2:05 am on Jan 30, 2006 (gmt 0)

10+ Year Member



I am thinking of registering a name that is 4 words long.

apple, orange, banana, pear.

I'm thinking of registering appleorangebananapear.com AND apple-orange-banana-pear.com.

Q. Do people prefer a name with or without hyphens?

BillyS

4:44 pm on Mar 8, 2006 (gmt 0)

WebmasterWorld Senior Member 10+ Year Member



>>not if it is just one hyphen; but once you start having 3 or 4, then the domain becomes clearly suspect, because there are very few times where you'd want a long domain like that if you are not trying to spam the URL.

Matt says no (I just read it too), do you have some inside information to the contrary?

ashear

5:08 pm on Mar 8, 2006 (gmt 0)

10+ Year Member



If you want someone to be able to return to the site, you would be better off using a simple catchy clean name. Like Fandango, as a marketer I love that one.

Kufu

5:11 pm on Mar 8, 2006 (gmt 0)

10+ Year Member



I've read on Matt's blog on many occasions where he points out domains which have multiple hyphens, as spam sites.

Please keep in mind that I am not saying having a single hyphen is bad. Two is probably ok too, but once the domain has three or more hyphens then it would at least be suspect in my book. I personally would not click on a link which has a multiple-hyphen TLD. So even if the search engines don't see 3 or 4 hyphens as a problem, why risk not getting someone's click?

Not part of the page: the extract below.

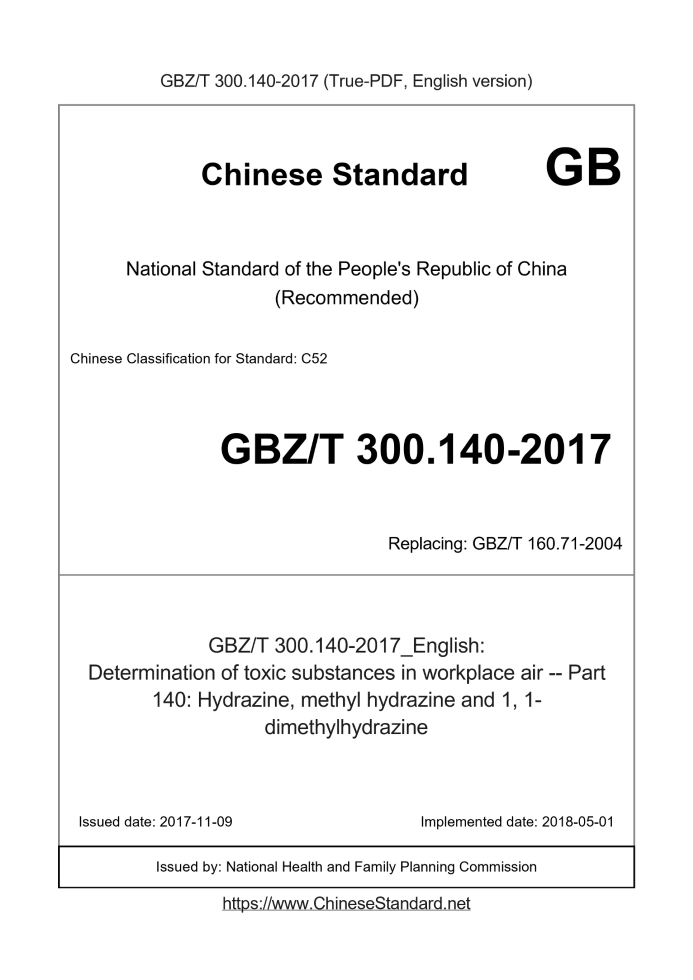 GBZT300.140-2017: Determination of toxic substances in workplace air -- Part 140: Hydrazine, methyl hydrazine and 1, 1-dimethylhydrazine

I work for an SEO company, and do optimizations. My experience has been that hyphenated domains don't do as well. We don't even accept sites with more than 2 hyphens. 99% of the time the hyphens are there for keyword spamming.

hannamyluv

5:25 pm on Mar 8, 2006 (gmt 0)

WebmasterWorld Senior Member 10+ Year Member Top Contributors Of The Month



I'll point out a benifit of a hyphanated name. If you plan on doing a significant amount of PPC advertising with the domain, I would think about at least getting the hyphanated name for the sake of putting it in your ad. Hyphanated names are much easier to read, just not to remember or type. When it comes to PPC ads, your domain is as much of your ad as the rest, so an easier to read domain that is on topic for the kws you are advertising on is to your advantage.

jtara

5:33 pm on Mar 8, 2006 (gmt 0)

WebmasterWorld Senior Member 10+ Year Member



Also, if the name is hyphenated, the search engines give brownie points for the individual words in calculating rank. If it is all mashed together in one compound word then it is seen as one long word that appears on your page but no where else on the internet - the title of the non-hyphenated version would bear less fruit.

Does anyone know which (if any) search engines are able to find individual words within a compound word in a domain name?

I'm guessing that Google might. The reason I say this is that Adwords recently started highlighting keywords within domain names. (They previously highlighted keywords only within ad copy.)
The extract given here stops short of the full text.